- Born: 22 July 1855 Neumarkt, Prussian Silesia
- Died: c. 1923 or c. 1925 Berlin, Germany
- Citizenship: Germany
- Education: Kunstakademie Düsseldorf
- Occupations: Painter Theosophist
- Spouse: Antonia (Antonie) Gebhard

= Hermann Schmiechen =

German painter (1855–c.1923/25)

Hermann Schmiechen (22 July 1855 – c. 1923 or 1925) was a German portrait painter and Theosophist.

== Biography ==
Hermann Schmiechen was born in Neumarkt, Prussian Silesia. In 1872, he entered the Royal Academy of Arts and Crafts at Breslau, where he studied with Albrecht Bräuer (1830–1897). In 1873, he shifted into Düsseldorf school of painting and became student of Karl Müller and Eduard von Gebhardt, and was also a member of the artists association Malkasten. After studying at the Kunstakademie Düsseldorf, he learned in Paris at the Académie Julian.

In 1883, on the recommendation of August Becker, Schmichen, almost simultaneously with Karl Rudolf Sohn, was invited into England to paint portraits of the British aristocracy. From 1884 to 1895 he was a member of the Royal Academy of Arts.
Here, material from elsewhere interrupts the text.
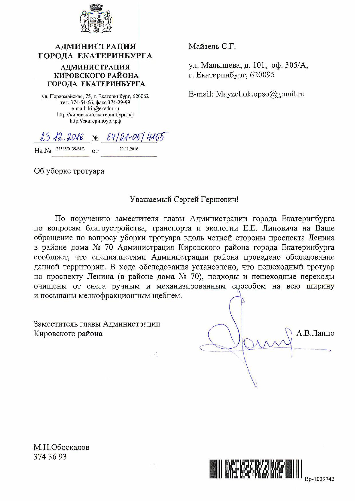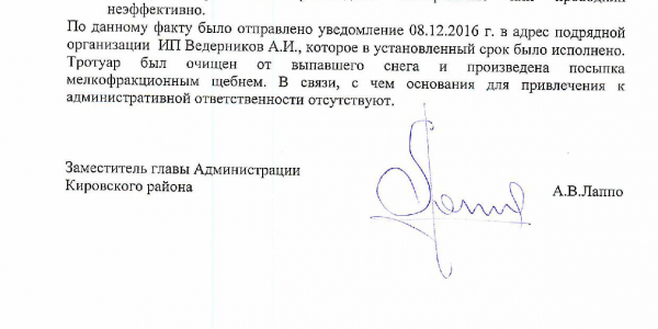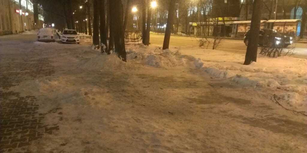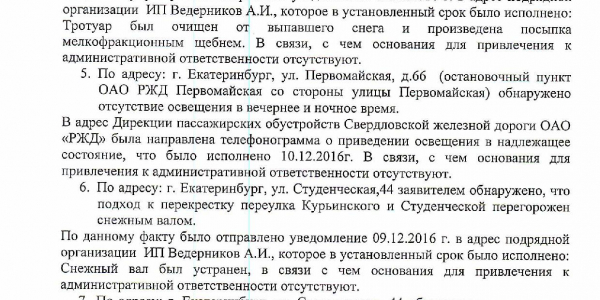 Номер жалобы:10965 Тип жалобы:Качество уборки снега на тротуарах Название объекта:Администрация Екатеринбурга Регион:Свердловская область Город:Екатеринбург Адрес:просп. Ленина, 70 Описание жалобы:Тротуар на чётной стороне проспекта Ленина на участке от улицы Гагарина до въезда во двор дома 70 через проходную арку очищен от снега не по всей ширине. В данном месте тротуар расширяется до кустов, посаженных вдоль проезжей части. Очистка произведена только до деревьев, произрастающих на тротуаре. Вдобавок после снегопада 23 ноября в нарушение п. 51 правил благоустройства Екатеринбурга сметённый с тротуара снег был складирован вокруг стволов деревьев. Необходимо вывезти складированный у деревьев снег и очистить тротуар по всей ширине. Статус:

=== Theosophical portraits ===
June 20, 1884, a year after arriving in London, Schmiechen became a member the Theosophical Society. Then, fulfilling the request of Helena Blavatsky, he began to paint portraits of the Theosophical mahatmas. The portrait of the mahatma Koot Hoomi she assessed as "excellent" and immediately asked Schmiechen to begin working on a portrait of the mahatma Morya. It took him about three weeks, (Note: "From June 19 to July 9, 1884.") to complete these paintings. (Note: "There are various accounts of the production of the Schmiechen portraits, yet all agree that the works are the result of inspiration.") (Note: "Hermann Schmiechen... agreed to take part in a 'psychical experiment' to see if images could be transferred to his mind from those who had seen the Masters.")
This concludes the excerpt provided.